More and more neighborhoods in wealthy French suburbs try to imitate that “American Television” feel, with identical houses and open front yards, but the facts are that if you live in any part of rural France, you’re very unlikely to see your neighbor’s lawn. In fifteen years of living with my parents in rural areas, we almost never interacted with our neighbors, and they liked to keep it that way. The people we met with, had BBQ and pool parties with were never our neighbors: the least we saw those, the better. In fact, one of our houses lost considerable value after the neighbor raised his house by one floor, making his house visible from our yard.
You can imagine how surprised I was to discover what a block party was in America. During my first time there, I was lucky enough to be around during the July 4th celebrations, where they closed off entire blocks to cars so that neighbor kids could play in the streets, and neighbors could grill things together on the sidewalks. I tried to picture that in my French neighborhoods and laughed at how awkward the scene would be. Secretly, I wished that I could have that kind of community one day.
That is where I wanted to get, and the core of the difference between the French and the Americans, in my mind: a sense of belonging to something. We often point out that Americans are “overly patriotic”, in a French point of view. While this is neither a good thing, nor a bad one, it is true. Being in America, even as a visitor, gives you this sense of belonging that some people are more or less receptive to. I know I was, and I know it is something I need to live; I had this feeling that being in America, staying in America, would give me the impression that I belong to something. Being in France, where the mindset is definitely more individualistic, behind our closed fences and walls, we might miss out on this idea of community.

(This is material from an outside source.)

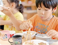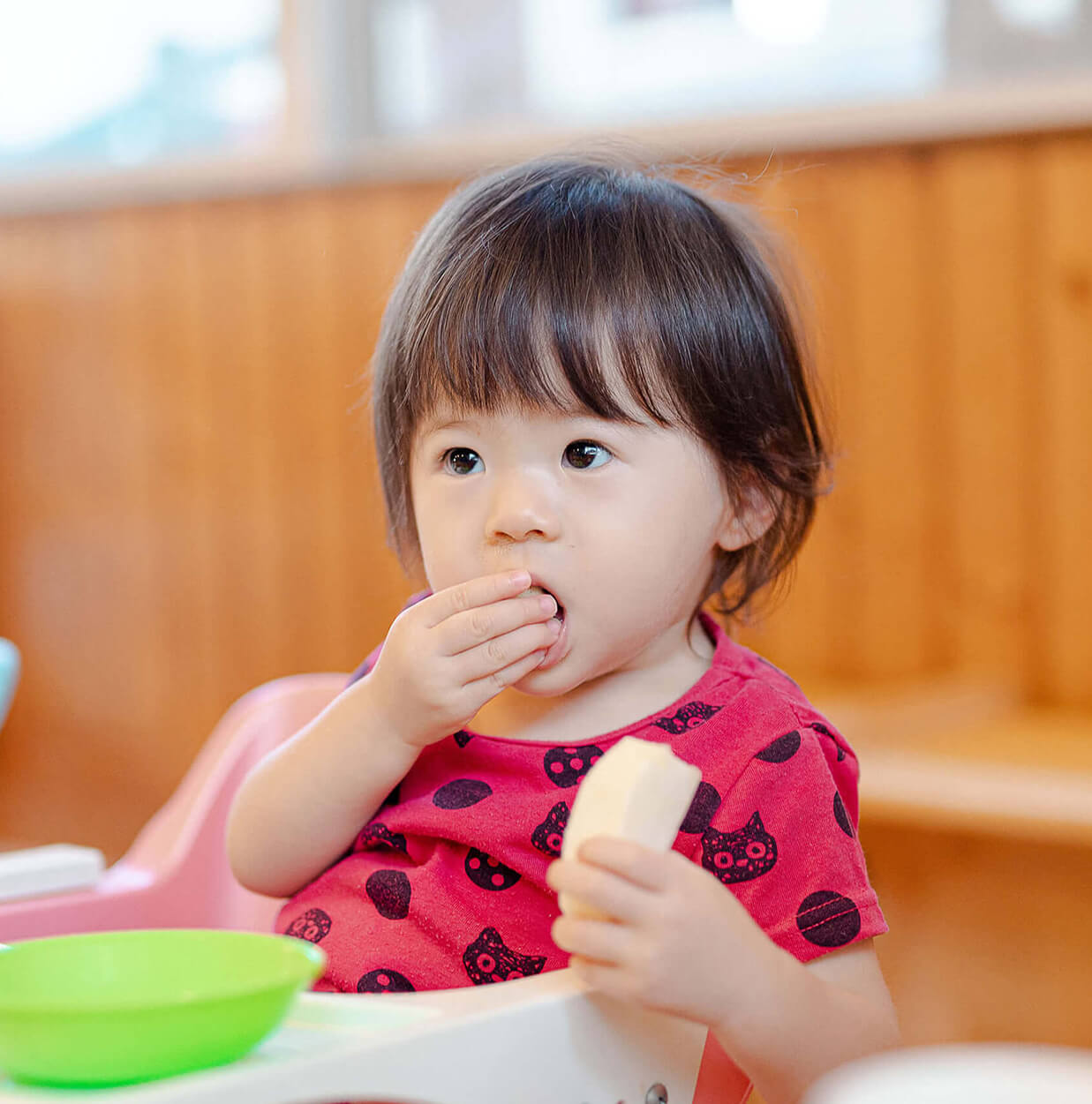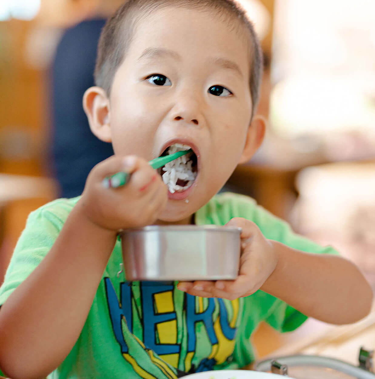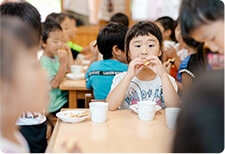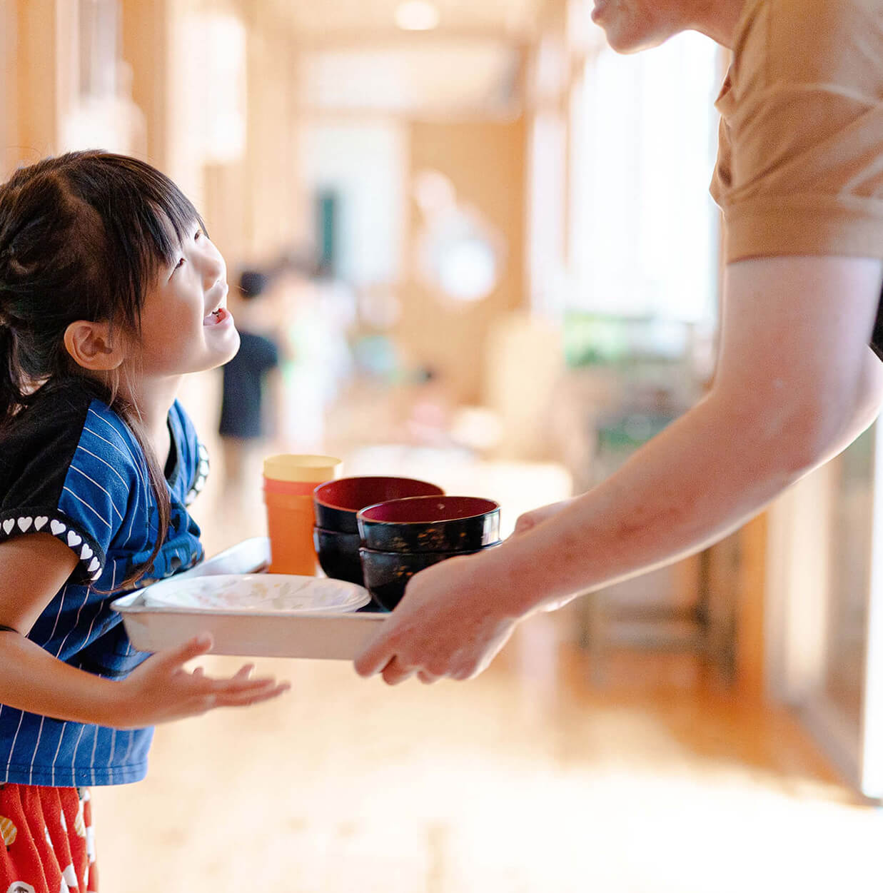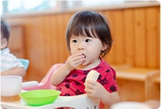 毎日の給食とおやつを、子ども達と一緒に楽しむことで食の成長を見守ります。

It’s especially sad when you consider the reported, cliche idea that immigrants have a hard time integrating with the French community: perhaps that is because there isn’t one. And what if that’s the case? How can one become French if the French themselves don’t know what it means to be French? French patriotism, as a result, is now a synonym of its nationalist far-right parties, who believe that only they love their country. But perhaps what they have gotten wrong about loving their country, and that more Americans get right, is that France is not about a religion or a type of food. I fear that we may have lost the “Fraternité” part of our motto, and that is one of the reasons that make me want to leave.
As some Twitter users have pointed out to me, in the end, I believe that it is possible for a person to “become” American, but you can never become French.
This is not to say I’ll completely stop being French someday. But I can certainly think that all these factors – the friendliness, the openness, the sense of belonging – make me feel more and more American, less and less French, and that does not concern me.